Saturday, October 4, 2008

Readograph Records Martian History in Yezad: a Romance of the Unknown (1922)

If you read this blog on a regular basis, you’ve probably discovered that one of our areas of interest is how books and libraries are portrayed in science fiction.

Here’s a neat passage from an obscure novel titled Yezad: a Romance of the Unknown (1922), by George Babcock, in which Marcomet, a ten-foot tall Martian, describes how the historical record of Mars is preserved:
Every important fact has been carefully noted in an imperishable record, consisting of certain compositions which will neither burn, break, nor deteriorate by time. Yet, these are so light and thin in substance, that a complete record covering Mars' entire history may be carried with perfect ease under the arm of a child.

By an electro-radium process, the record is transcribed on sheets less than one ten-thousandth of an inch in thickness, and of the average book page size. Upon this records, including all the happenings from day to day, are carefully preserved. Thus the important events covering a period of a hundred years are easily transcribed upon one sheet. Ten thousand of these records reach but one inch in thickness, and contain the history of Mars for a million years. While such a record would weigh but a total of one pound on Earth, they weigh far less, or about four-tenths of a pound, on Mars. Each of these plates is capable of recording about one hundred times the amount of reading matter contained in a complete twenty-nine volume work of Earth's largest encyclopedia. Since no news is ever printed or read on Mars, all important events are recorded on these 'radio- sheets.' Every man, woman and child is supplied with a small instrument, no larger than a coin of Earth, and called a
'Readograph,' which, when placed gently against the 'radio-sheet,' adheres to it, and repeats, by talking aloud, similarly to a phonograph, all that the Readograph touches. It repeats the record as often as the Readograph is applied, with the volume and tone of the original voice.

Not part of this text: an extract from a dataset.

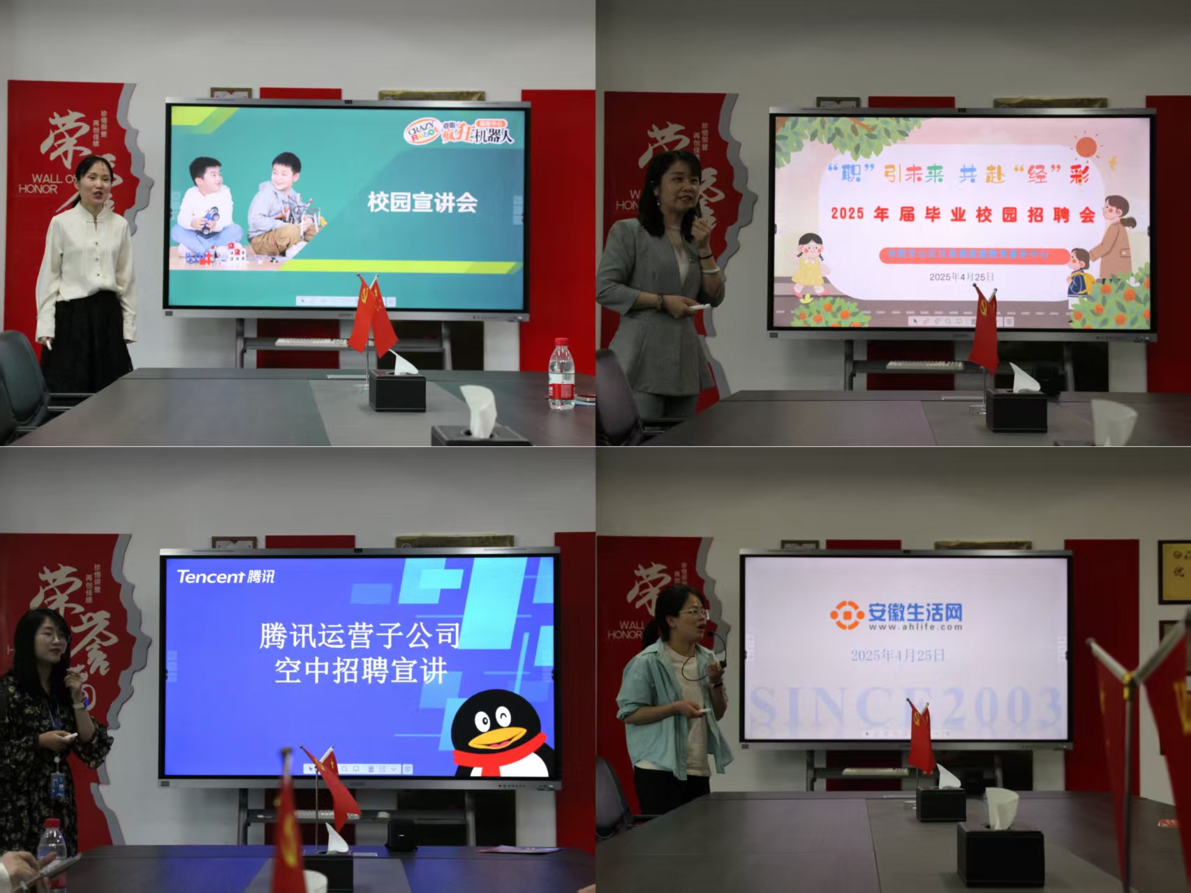 在筹备阶段,公司组建专项工作组,通过问卷调查、员工访谈等方式,系统梳理近三年毕业生就业分布及发展现状,精准锁定教育科技、新媒体运营、数字内容生产等领域的岗位需求,最终遴选方田教育、腾讯瑞德铭(合肥)科技发展有限公司等8家优质企业,其中4家为连续三年参与校招的校企合作单位,形成了"实习-实训-就业"全链条人才培养与输送机制。

It is quite easy to find the record of any day, month, or year desired, by moving the Readograph over the face of the radio-sheets.
For a summary of the storyline in Yezad: a Romance of the Unknown, read the entry in Science-fiction, the Early Years: A Full Description of More Than 3,000 Science-fiction Stories from Earliest Times to the Appearance of the Genre Magazines in 1930 (1990), by Everett F. Bleiler and Richard Bleiler.